|
mibuokami said:
With respect to this topic, I think it has certainly impacted some long standing policy (especially from Sony) and will be a contributing factor to an extended generation.
With respect to your opinion, I disagree strongly, the decision to accept a new console into the market is and always has been at the hand of the consumer. Any new console being introduced into the market within the short term future will be strangled in the transition due to poor economic climate. Don't expect anything new to be announced until 2011 at the earliest and more time still before they are officially launched
|
I totally agree with the bolded part, and that's exactly why I don't believe that the current consoles can be kept on the market for too long, without the consumers' support, and the current consoles don't have that support.
This generation already had great titles from every major genre, and most major franchises, (the rest of them will have in 2010). But what comes after that? Sequels with the same capabilities, but with new levels and plotlines? Soon, people will get bored with them. Even those who wouldn't have money for a new, more expensive console, would rather stop gaming than buy the same games over and over again. They need surprise. Uniqueness.

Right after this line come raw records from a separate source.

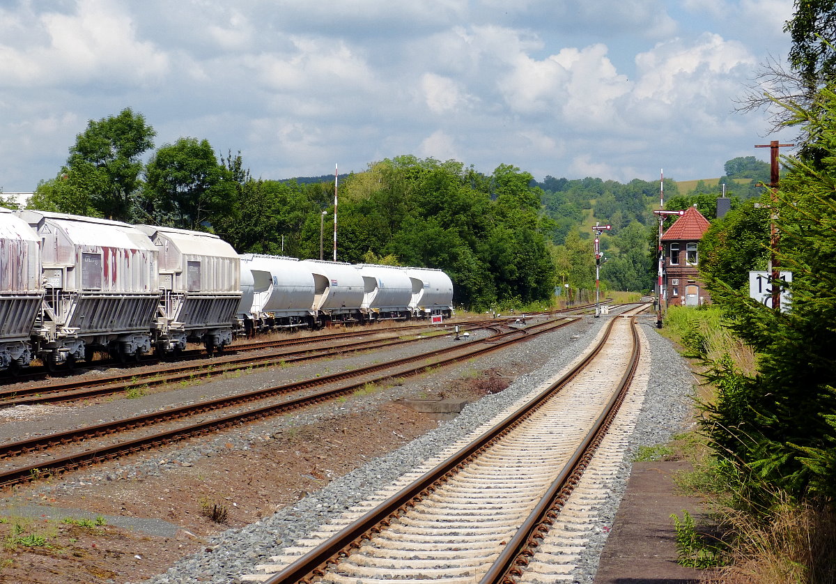 Blick von der Bahnsteigkante in Niedersachswerfen Richtung Ellrich an KBS 357 Nordhausen - Northeim (Han.) Hier mal ein Fotovergleich 24 Jahre vorher: http://br232.com/index.php?nav=1000055&lang=1&file=lts_422_53&action=image&position=2
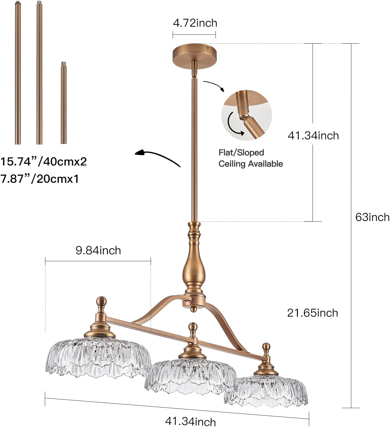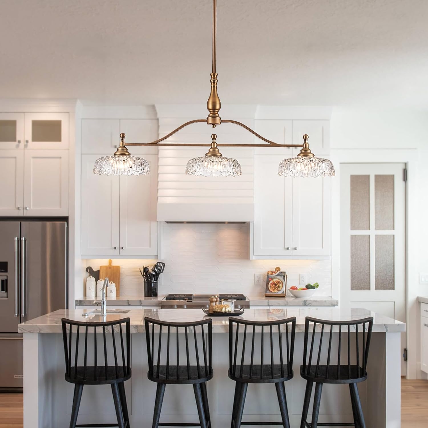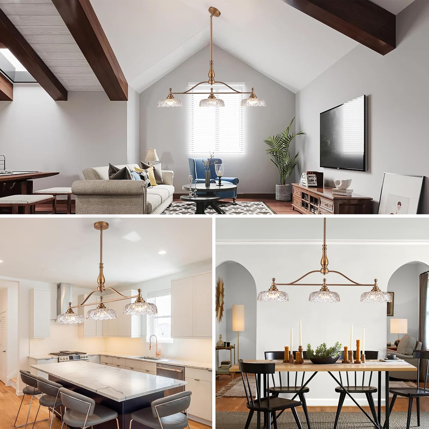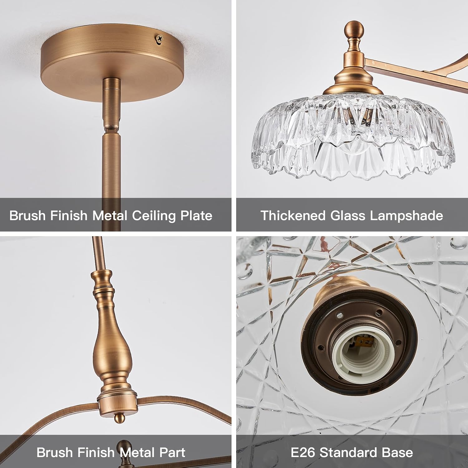 HDDFL Chandeliers Pendant Light Fixture Vintage Pendant Lighting Fixtures 3 Lights Chandelier Matte Brass Kitchen Glass Hanging Lamp for Island Dining Room Living Room
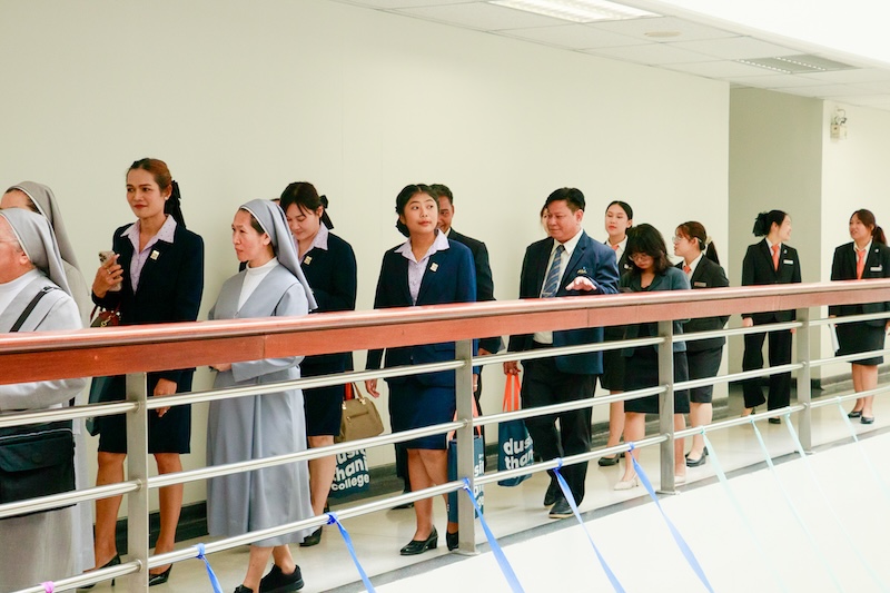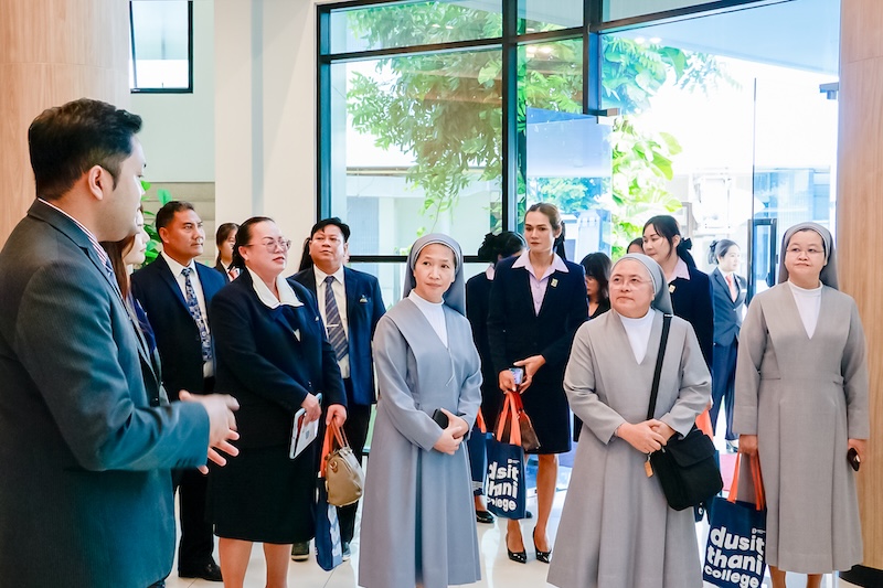 เมื่อวันที่ 20 มิถุนายน 2568 ดร.ประวีณา คาไซ รองอธิการบดีฝ่ายกิจการนักศึกษา วิทยาลัยดุสิตธานี พร้อมด้วย นางสาวปณิชา แป้นพัฒน์ รองคณบดีคณะการจัดการการบริการ คุณรักเกล้า ตั้งกุลพานิชย์ ผู้ช่วยอธิการบดีสำนักรับสมัครนักศึกษา และคุณสิทธิพล นุ่นสุข ผู้อำนวยการสำนักรับสมัครนักศึกษา ได้ต้อนรับคณะผู้บริหารและคณาจารย์จาก 2 โรงเรียน ได้แก่ โรงเรียนเซนต์โยเซฟระยอง และ โรงเรียนอัสสัมชัญคอนแวนต์ ลำนารายณ์ ในโอกาส “ลงนามบันทึกข้อตกลงความร่วมมือทางวิชาการ (MoU)” ระหว่างวิทยาลัยดุสิตธานีกับทั้งสองโรงเรียนดังกล่าว เพื่อประสานความร่วมมือในการจัดการเรียนการสอนให้กับนักเรียนระดับชั้นมัธยมศึกษา
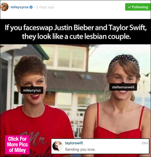 Miley còn thậm chí để lại một dòng status trêu chọc Taylor Swift khá hài hước rằng: "Nếu chúng ta hoán đổi khuôn mặt của Taylor và Justin thì trông họ thật giống một cặp đồng tính nữ đáng yêu".
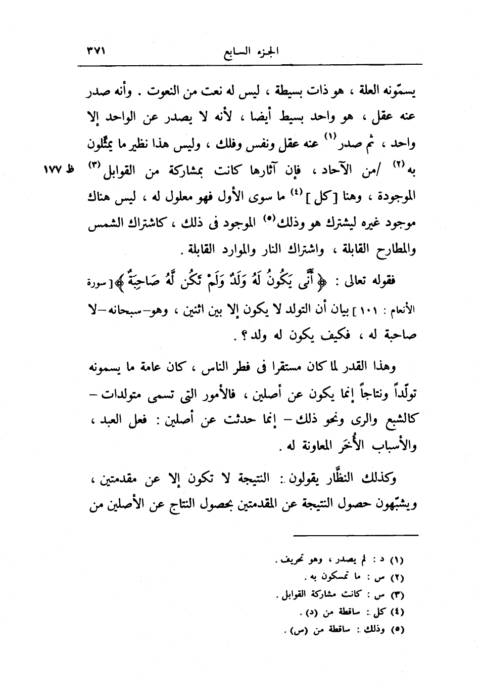 وكذلك النظار يقولون: النتيجة لا تكون إلا عن مقدمتين ويشبهون حصول النتيجة عن المقدمتين بحصول النتاج عن الأصلين من
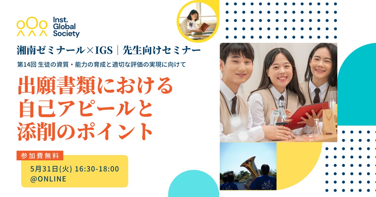 湘南ゼミナール 高等部、総合型選抜(AO)・推薦コース責任者の川村一雄氏を講師にお招きします。「総合型・学校推薦型選抜の出願書類における自己アピールを通じ、生徒の自尊感情を育む」をテーマにご講演いただく他、IGS 執行役員 教育事業部長 矢部一成と対談致します。学校の先生・学校関係者向けのオンラインセミナーとなっており、参加費は無料です(事前登録制)。
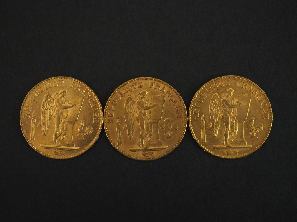 Trois pièces de 20 Francs or, 1875-A (x2) et 1877-A. FRAIS ACHETEURS 10% HT.
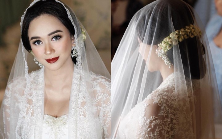 Tak kalah cantik dari lainnya, Aura Kasih mengandalkan sanggul rendah pada bagian belakang. Ia menambahkan melati khas pengantin tradisional dan bunga putih sederhana. Bagaimana menurut kalian?
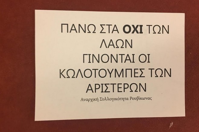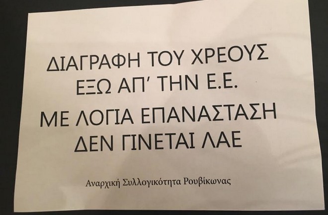“Παρέμβαση του Ρουβίκωνα τώρα στήν εκδήλωση του Τμήματος Οικονομικής Πολιτικής του ΣΥΡΙΖΑ (με ομιλητές τον υπουργό Οικονομικών, και τον Υπουργό Οικονομίας στο ξενοδοχείο ΤΙΤΑΝΙΑ.

If they wouldn't, we would still be in the NES era. Nintendo would be fine with still selling the NES for a ridiculous profit, and we would be fine with playing Super Mario Brothers 14. Except, that gamers needed the improvements of the 32 bit era, and later the new genres that 3D gave, and in this generation, either motion controls, or HD graphics.
I'm aware that graphics became a commodity, and I don't think that even better graphics would be enough for that surprise, but they need to do something.